__Task prompt__. Whenever a picture appears in the listing below, leave it out, and copy exactly the lines from the one containing "Figure 2: A" through the end.

__Data shown__.
● ● ● ● ● ● ●
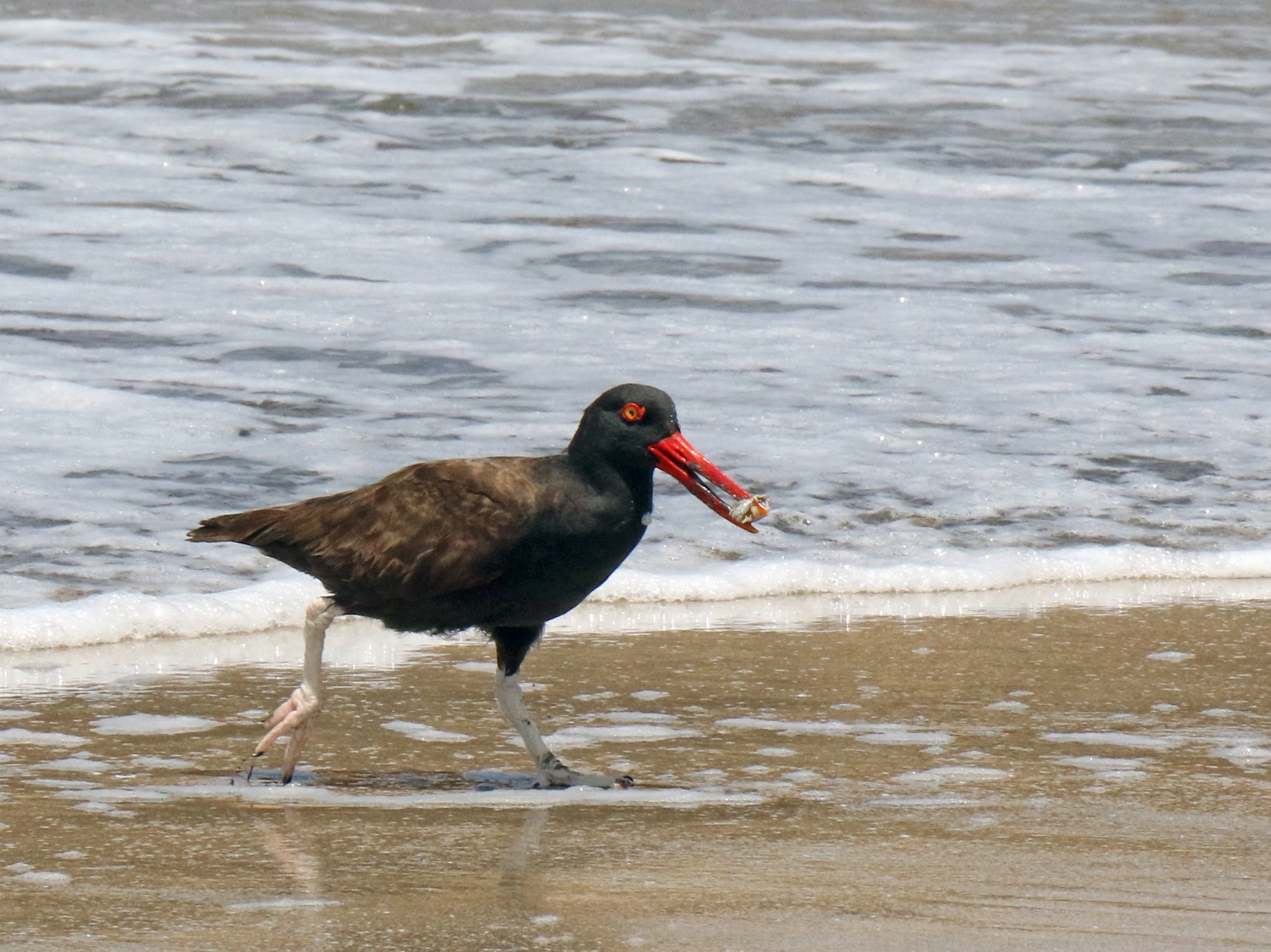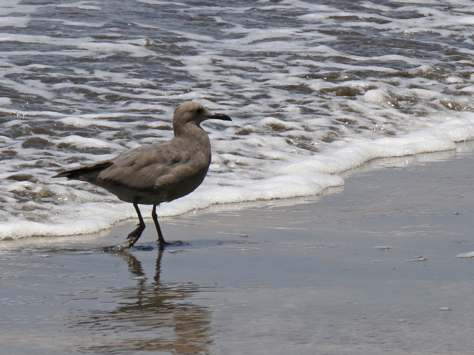 The blackish oystercatcher is a species of wading bird in the oystercatcher family Haematopodidae. It is found in Argentina, Chile, the Falkland Islands and Peru, and is a vagrant to Uruguay. [Wikipedia] I caught this one digging a little crab out of the sand at the edge of the surf.The grey gull, also known as garuma gull, is a medium-sized gull native to South America. Unusual among gulls, it breeds inland in the extremely dry Atacama Desert in northern Chile, although it is present as a non-breeding bird along much of the Pacific coast of South America. [Wikipedia]
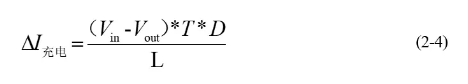 在充電時可得到公式(2-4),充電時電感兩端的電壓等于Vin-Vout,
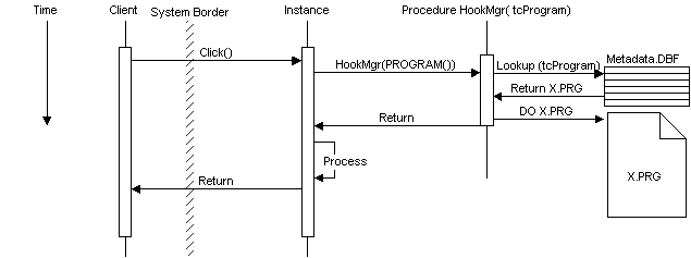 Figure 2: A metadata-based procedural hook illustrated. Here a call to a Hook Manager triggers a lookup which returns the name of a program to execute. Since hooks are used by exception, normally the lookup would return nothing.
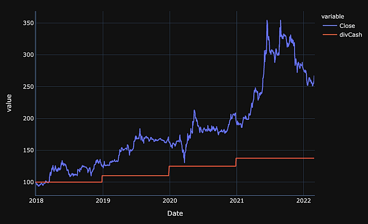 고려신용정보의 배당금액과 주가흐름을 비교해 보았다. 2017년12월28일의 주가와 배당금액을 100으로 놓고 이후 추이를 비교해보았다. 21년 이후에 크게 상승한 것이 눈에 띈다. 최근에 미국 테이퍼링과 금리인상, 국제 정세 등의 이슈로 주가가 많이 하락했다. 파란색은 종가, 붉은색은 배당금이다. 배당금이 꾸준히 상승하는 모습이 인상적이다.
● ● ● ● ● ● ●
__Answer space__.
 Figure 2: A metadata-based procedural hook illustrated. Here a call to a Hook Manager triggers a lookup which returns the name of a program to execute. Since hooks are used by exception, normally the lookup would return nothing.
 고려신용정보의 배당금액과 주가흐름을 비교해 보았다. 2017년12월28일의 주가와 배당금액을 100으로 놓고 이후 추이를 비교해보았다. 21년 이후에 크게 상승한 것이 눈에 띈다. 최근에 미국 테이퍼링과 금리인상, 국제 정세 등의 이슈로 주가가 많이 하락했다. 파란색은 종가, 붉은색은 배당금이다. 배당금이 꾸준히 상승하는 모습이 인상적이다.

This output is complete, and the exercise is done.